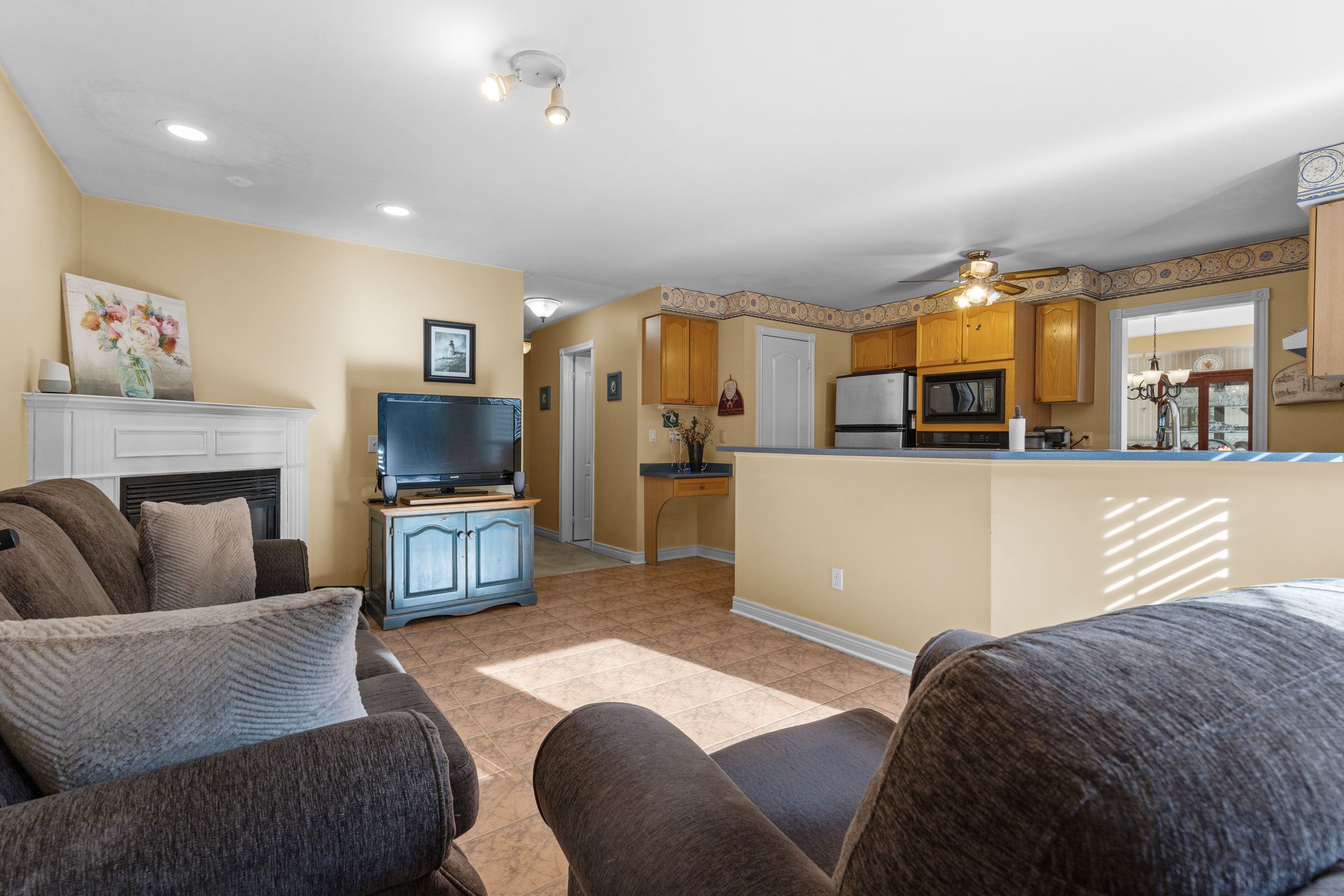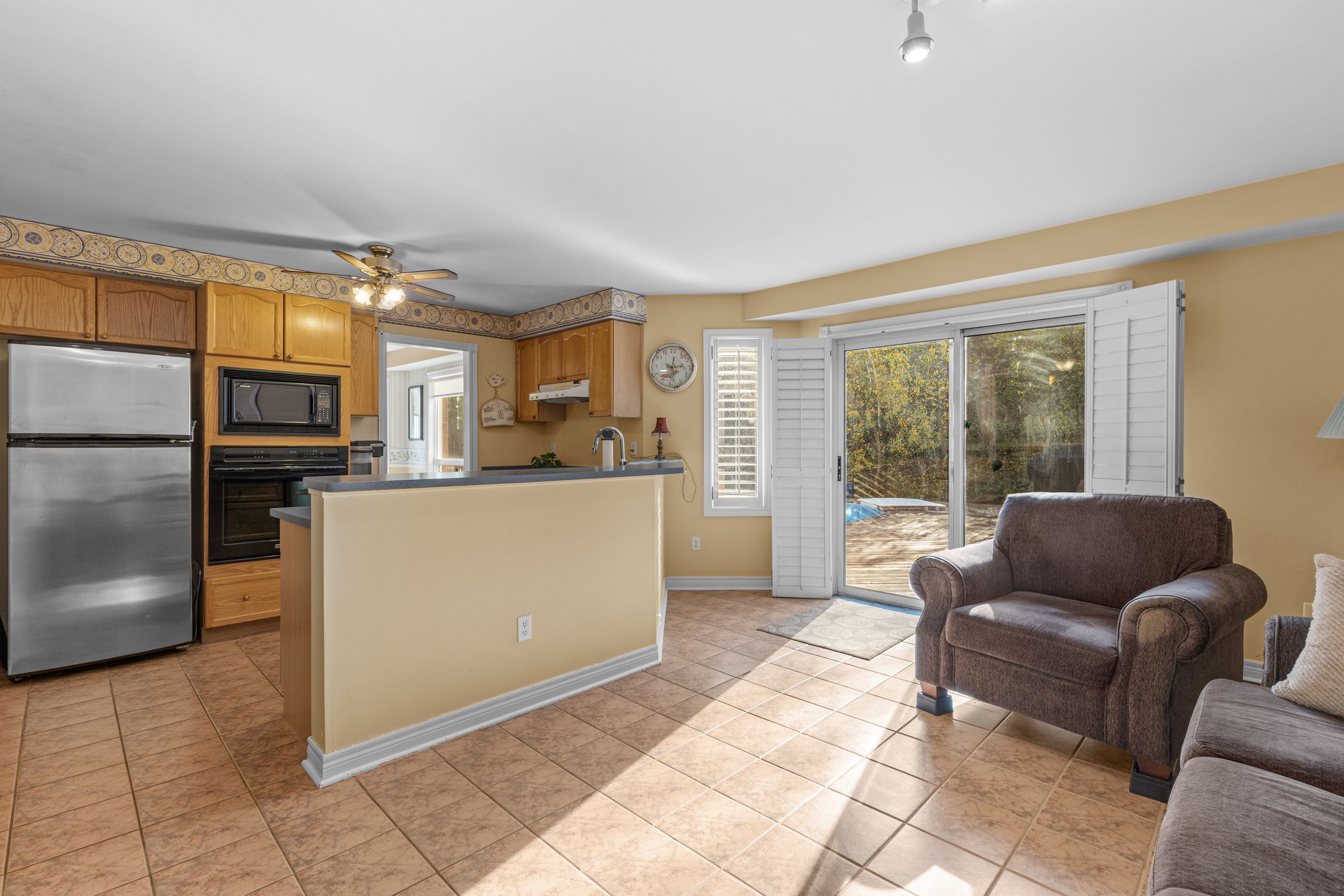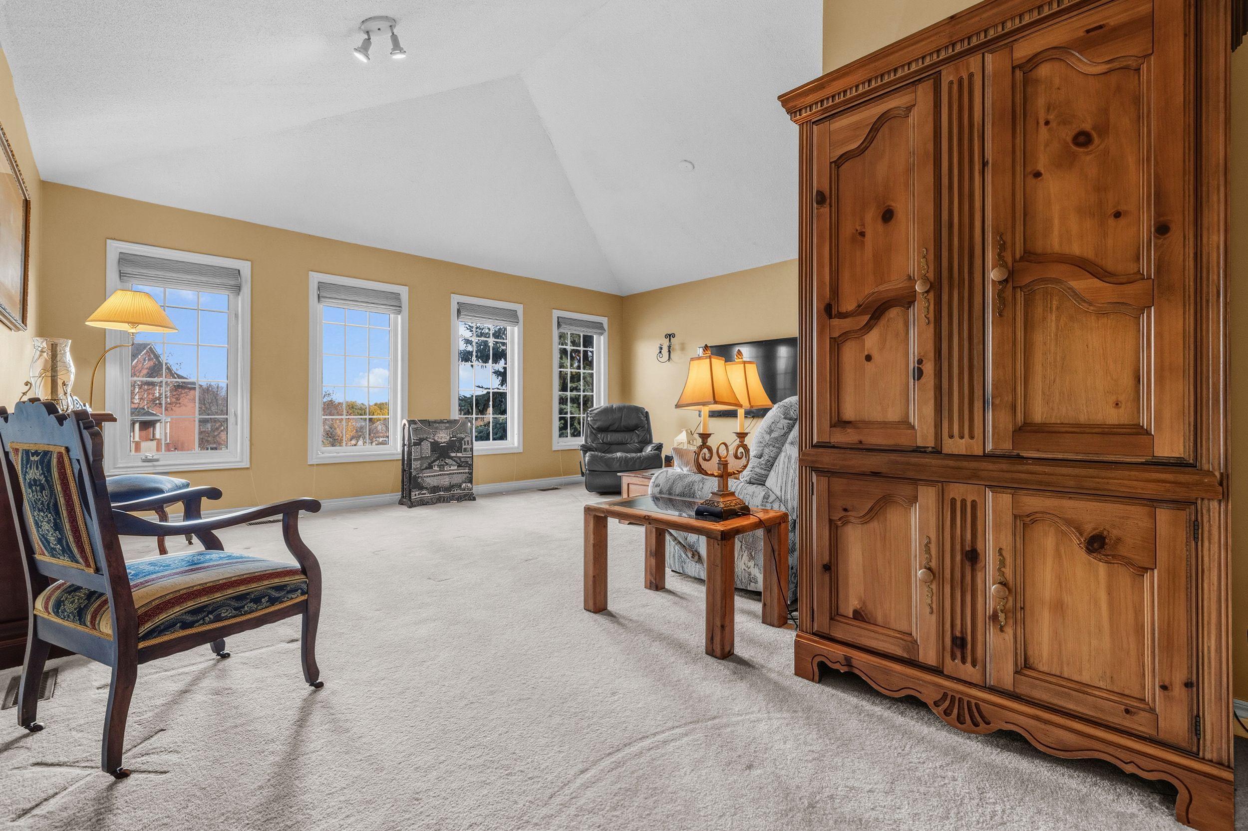 • Bright family room with cathedral ceilings and oversized windows for natural light.
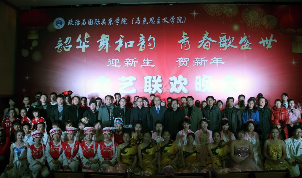 12月25日晚,山东师范大学长清校区综合教学楼C区101报告厅流光溢彩、笑语欢歌。政治与国际关系学院(马克思主义学院)在此隆重举办“韶华舞和韵 青春歌盛世”——迎新生贺新年文艺联欢晚会。学校人才交流中心主任、人事处副处长岳希亮,学生处副处长于铁、发展规划处副处长张茂聪、长清校区办公室副主任杨连友、学院党政领导班子、系部主任、全体辅导员以及400余名学生一起观看了晚会。
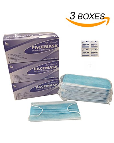 150 pcs- PREMIUM (3-ply) Disposable Earloop Face Masks - Medical Grade-- Bacterial Filtration Over 99.5%--- Surgical, Dental, Allergy, Cold & Flu...
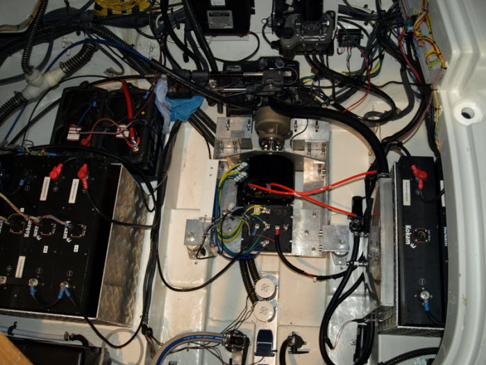 Alle Komponenten sind eingebaut und angeschlossen. Oberhalb der Fahrbatterien befinden sich die Servicebatterien., das Ladegerät hierzu links über dem Motor Das Hydraulikaggregat für den Sterndrive befindet sich oberhalb des Getriebes.
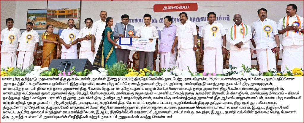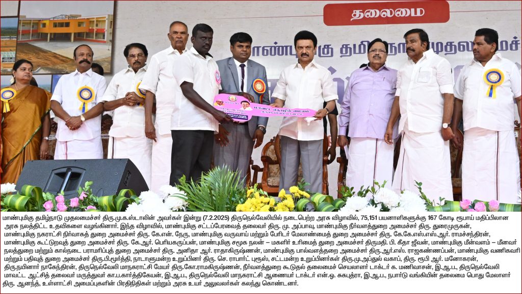 - பல்வேறு அரசுத் துறைகள் சார்பாக 75 ஆயிரத்து 151 பயனாளிகளுக்கு 167 கோடி ரூபாய் மதிப்பிலான நலத்திட்ட உதவிகள் வழங்கும் விழா
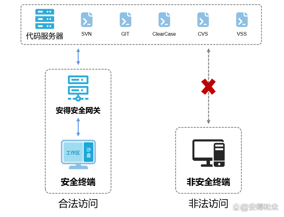 代码服务器是源码核心存储地,当前有账号人员可在不同终端随意访问下载,隐患极大。安得卫士部署安全网关,仅安装安全客户端且获访问策略的终端可接入,阻断非法访问,同时保持原有访问下载效率,互联网环境下也能防外部攻击,支持多种主流代码管理工具。
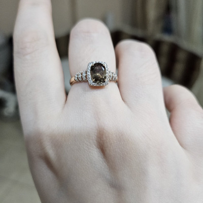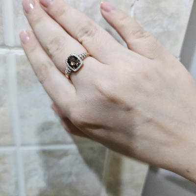 В редких случаях характеристики украшения или упаковка могут иметь отличия от представленных на фото или в описании.Кольцо с 1 кварцем дымчатым природным, тип огранки Б;
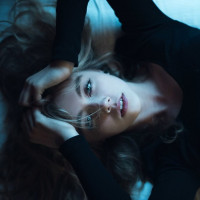 The image shows a woman lying down on a bed, looking directly at the camera. Her head is resting on one hand, and she seems to be gazing intently towards something not visible in the picture. She has her hair loose and appears to have a neutral or slightly pensive expression.

————

Exercise directions: Please set down only the lines from the one containing "Alle Komponenten sind" through the end of the entries, exactly as they stand, both ends included and with no pictures.

Answer section:
 Alle Komponenten sind eingebaut und angeschlossen. Oberhalb der Fahrbatterien befinden sich die Servicebatterien., das Ladegerät hierzu links über dem Motor Das Hydraulikaggregat für den Sterndrive befindet sich oberhalb des Getriebes.
 - பல்வேறு அரசுத் துறைகள் சார்பாக 75 ஆயிரத்து 151 பயனாளிகளுக்கு 167 கோடி ரூபாய் மதிப்பிலான நலத்திட்ட உதவிகள் வழங்கும் விழா
 代码服务器是源码核心存储地,当前有账号人员可在不同终端随意访问下载,隐患极大。安得卫士部署安全网关,仅安装安全客户端且获访问策略的终端可接入,阻断非法访问,同时保持原有访问下载效率,互联网环境下也能防外部攻击,支持多种主流代码管理工具。
 В редких случаях характеристики украшения или упаковка могут иметь отличия от представленных на фото или в описании.Кольцо с 1 кварцем дымчатым природным, тип огранки Б;
 The image shows a woman lying down on a bed, looking directly at the camera. Her head is resting on one hand, and she seems to be gazing intently towards something not visible in the picture. She has her hair loose and appears to have a neutral or slightly pensive expression.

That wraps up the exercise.